Methylprednisolone improves the survival of new neurons following transient cerebral ischemia in rats.

Abstract

Cerebral ischemia induced the proliferation and differentiation of neural stem cells in discrete regions of brain. However, only a small fraction of the neural stem/progenitor cells survives. In this report, the effects of methylprednisolone (MP) on proliferation, differentiation and survival of neural progenitor cells were explored through early MP administration after occlusion of the middle cerebral artery (MCAo). Transient cerebral ischemia was induced by middle cerebral artery occlusion in Sprague Dawley male rats.
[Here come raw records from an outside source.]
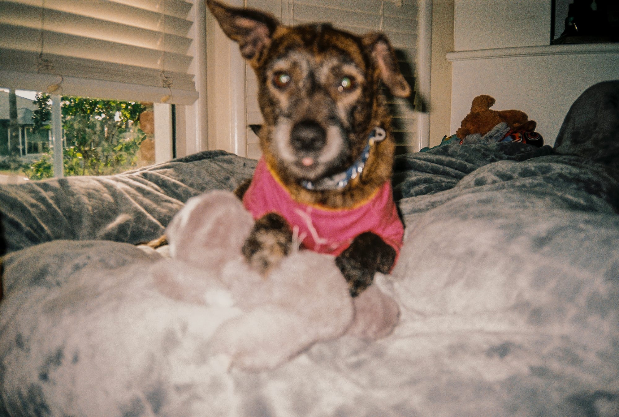 The motivation to get into film photography comes from a desire to memorialize my dogs (and my life) in physical photo albums so that I can have them with me forever, instead of losing them to the cloud or to some backup from three phones ago that I no longer have access to. There are photos from my teenage years and from my early twenties that I can no longer find, and I have no idea where they went. There are photos from when we first got Luna—when she was three months old!—that are no longer on my phone, and I have no idea where they are. Meanwhile, every time I go back to my grandparents' house, I see photo albums dating back to the 1980s—before I ever existed—documenting their lives, and I want to bring that kind of permanence and recollection into my own life.
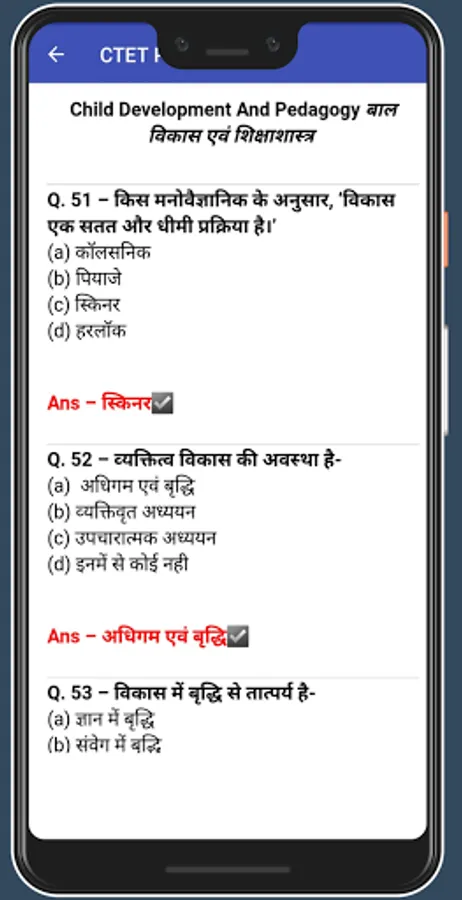 CTET 2023 In Hindi App Will provide to detail explanation of Ctet Pedagogy in Hindi CTET exam held two times in every year. In This App you Learn Bal Vikas Evam Shiksha Shastra Child Development and Pedagogy MCQ and Pedagogy in Hindi Onliner Question.
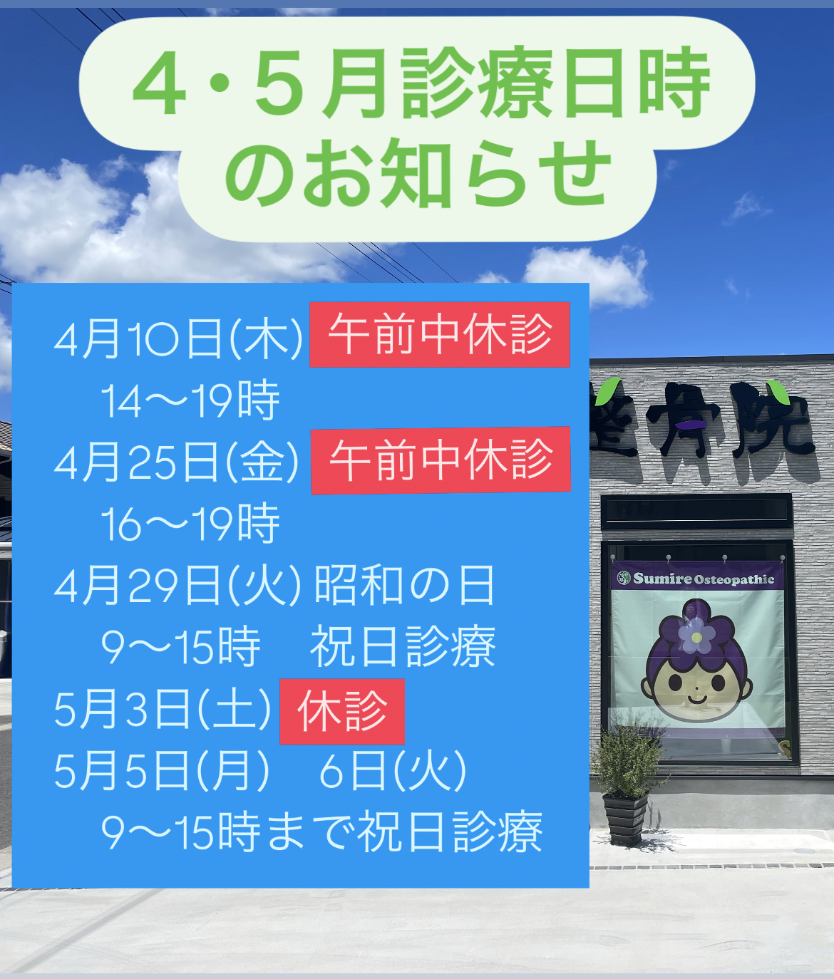 4月の診療日時のお知らせ
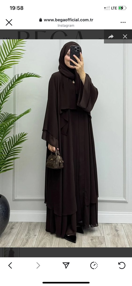 Kadınlar için uzun, salaş kesim ve askılı kollara sahip kahverengi bir abayadır. Minimalist ve klasik tarzda, desensizdir.

One hour, 1 day, 3 days, 14 days, and 28 days after MCAo, neurological examination was performed to evaluate the neurological deficit. MCAo rats were randomly divided into two groups, MP-group was injected MP (30 mg/kg, i.p.) at 3 h, 12 h, and 24 h after MCAo, and vehicle group was injected equal saline (i.p.). Animals were sacrificed at 3 days, 14 days, and 28 days after MCAo. MP was found to decrease apoptosis and TNF-alpha and IL-6 expression at 3 days after MCAo in the ipsilateral striatum. Moreover, MP significantly increased the migrated new neurons (BrdU+/ DCX+) and immature neurons (BrdU+/Tuj1+) at day 14 after MCAo in the ipsilateral striatum. Likewise, MP increased the number of mature neurons (BrdU+/MAP2+) at 28 days after MCAo. However, MP did not affect the progenitor cell proliferation (BrdU+ and Nestin+) at day 3 after MCAo in the subventricular zone (SVZ), but improved the neurological deficit at day 1 and day 3 after MCAo. These results indicate that early MP administration can improve the neurological deficit and enhance the survival of new neurons in the ipsilateral striatum by inhibiting apoptosis and downregulation of inflammatory response after transient cerebral ischemia in rats.